● Try it: Your reply is to be the lines below, exactly as written, with images omitted.

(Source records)
-- -- --
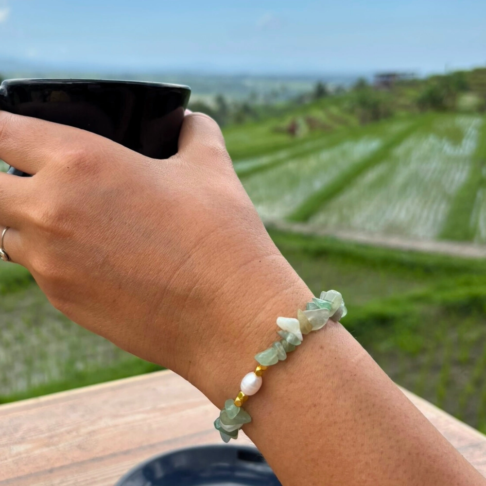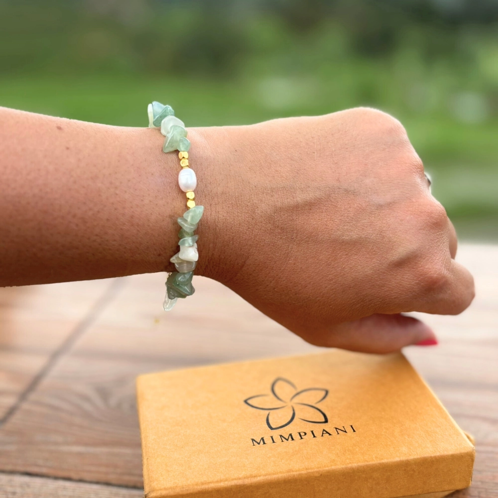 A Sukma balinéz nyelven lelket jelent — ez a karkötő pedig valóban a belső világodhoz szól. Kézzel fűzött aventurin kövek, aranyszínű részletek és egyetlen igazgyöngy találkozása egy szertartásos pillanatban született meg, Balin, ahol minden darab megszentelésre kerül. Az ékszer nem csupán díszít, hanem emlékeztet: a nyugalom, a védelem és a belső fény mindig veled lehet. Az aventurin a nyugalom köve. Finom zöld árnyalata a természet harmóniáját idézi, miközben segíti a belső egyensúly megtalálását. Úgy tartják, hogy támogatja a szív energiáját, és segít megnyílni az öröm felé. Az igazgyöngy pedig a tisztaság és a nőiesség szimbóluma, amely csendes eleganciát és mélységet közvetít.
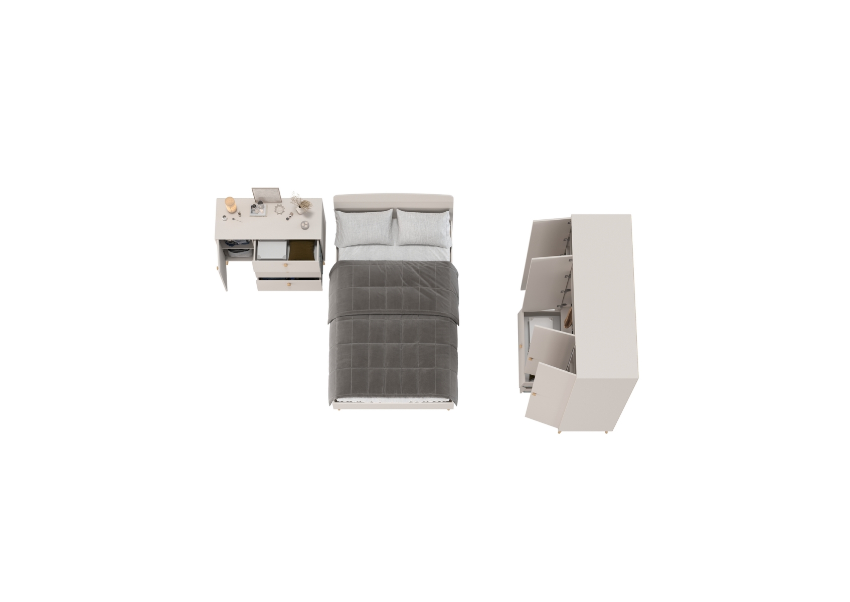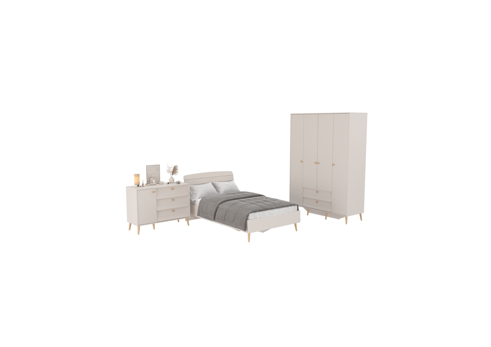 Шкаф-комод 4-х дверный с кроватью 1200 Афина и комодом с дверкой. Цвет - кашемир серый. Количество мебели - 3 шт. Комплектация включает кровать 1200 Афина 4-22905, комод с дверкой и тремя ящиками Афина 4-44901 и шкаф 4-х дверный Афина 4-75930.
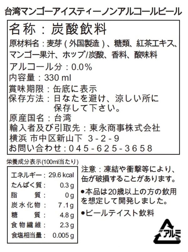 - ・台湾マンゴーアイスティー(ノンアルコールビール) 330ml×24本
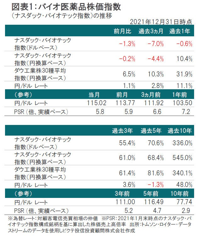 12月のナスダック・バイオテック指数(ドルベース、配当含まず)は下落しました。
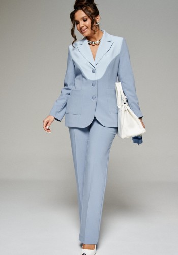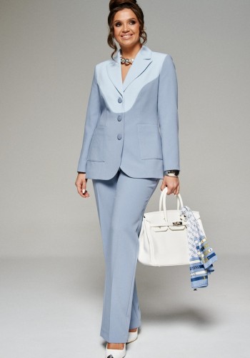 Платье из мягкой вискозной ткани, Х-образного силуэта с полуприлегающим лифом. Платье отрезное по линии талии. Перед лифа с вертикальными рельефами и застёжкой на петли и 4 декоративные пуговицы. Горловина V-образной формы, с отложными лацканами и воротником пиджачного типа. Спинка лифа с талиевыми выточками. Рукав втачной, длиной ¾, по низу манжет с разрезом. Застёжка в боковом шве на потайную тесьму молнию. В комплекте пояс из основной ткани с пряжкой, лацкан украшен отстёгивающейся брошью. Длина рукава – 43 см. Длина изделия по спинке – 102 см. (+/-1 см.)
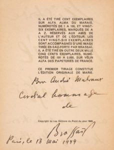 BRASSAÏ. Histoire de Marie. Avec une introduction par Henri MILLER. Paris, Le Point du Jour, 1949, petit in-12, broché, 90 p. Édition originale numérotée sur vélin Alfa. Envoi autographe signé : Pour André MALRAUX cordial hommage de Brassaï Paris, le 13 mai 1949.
-- -- --
● Solution:
 A Sukma balinéz nyelven lelket jelent — ez a karkötő pedig valóban a belső világodhoz szól. Kézzel fűzött aventurin kövek, aranyszínű részletek és egyetlen igazgyöngy találkozása egy szertartásos pillanatban született meg, Balin, ahol minden darab megszentelésre kerül. Az ékszer nem csupán díszít, hanem emlékeztet: a nyugalom, a védelem és a belső fény mindig veled lehet. Az aventurin a nyugalom köve. Finom zöld árnyalata a természet harmóniáját idézi, miközben segíti a belső egyensúly megtalálását. Úgy tartják, hogy támogatja a szív energiáját, és segít megnyílni az öröm felé. Az igazgyöngy pedig a tisztaság és a nőiesség szimbóluma, amely csendes eleganciát és mélységet közvetít.
 Шкаф-комод 4-х дверный с кроватью 1200 Афина и комодом с дверкой. Цвет - кашемир серый. Количество мебели - 3 шт. Комплектация включает кровать 1200 Афина 4-22905, комод с дверкой и тремя ящиками Афина 4-44901 и шкаф 4-х дверный Афина 4-75930.
 - ・台湾マンゴーアイスティー(ノンアルコールビール) 330ml×24本
 12月のナスダック・バイオテック指数(ドルベース、配当含まず)は下落しました。
 Платье из мягкой вискозной ткани, Х-образного силуэта с полуприлегающим лифом. Платье отрезное по линии талии. Перед лифа с вертикальными рельефами и застёжкой на петли и 4 декоративные пуговицы. Горловина V-образной формы, с отложными лацканами и воротником пиджачного типа. Спинка лифа с талиевыми выточками. Рукав втачной, длиной ¾, по низу манжет с разрезом. Застёжка в боковом шве на потайную тесьму молнию. В комплекте пояс из основной ткани с пряжкой, лацкан украшен отстёгивающейся брошью. Длина рукава – 43 см. Длина изделия по спинке – 102 см. (+/-1 см.)
 BRASSAÏ. Histoire de Marie. Avec une introduction par Henri MILLER. Paris, Le Point du Jour, 1949, petit in-12, broché, 90 p. Édition originale numérotée sur vélin Alfa. Envoi autographe signé : Pour André MALRAUX cordial hommage de Brassaï Paris, le 13 mai 1949.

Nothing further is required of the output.